If you expand the desired form, you get
[tex]a\sin(bx+c)=a(\sin bx\cos c+\cos bx\sin c)[/tex]
and if we match this up with the given form, we can see that [tex]b=4[/tex], and we have to find [tex]a[/tex] and [tex]c[/tex] such that
[tex]\begin{cases}a\cos c=-6\\a\sin c=-2\end{cases}[/tex]
If we divide the second equation by the first, we have
[tex]\dfrac{a\sin c}{a\cos c}=\dfrac{-2}{-6}\iff\tan c=\dfrac13[/tex]
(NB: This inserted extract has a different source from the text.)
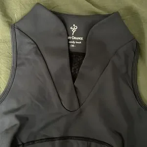 NWOT Woman's Cozy Orange Virgo Tank Racerback. Fitted, eco-friendly top inspired by the meticulous nature of Virgos. Detailed, stylish racer back design with Mandren collar, built in bra top. Chafe-free princess seams for body contouring

If we assume [tex]-\dfrac\pi2<c<\dfrac\pi2[/tex], then we can take the inverse tangent of both sides to get [tex]c=\tan^{-1}\left(\dfrac13\right)[/tex]. If we do this, then we find
[tex]a\sin\left(\tan^{-1}\left(\dfrac13\right)\right)=\dfrac a{\sqrt{10}}=-2\implies a=-2\sqrt{10}[/tex]
So we can rewrite
[tex]y=-6\sin4x-2\cos4x[/tex]
as
[tex]y=-2\sqrt{10}\sin\left(4x+\tan^{-1}\left(\dfrac13\right)\right)[/tex]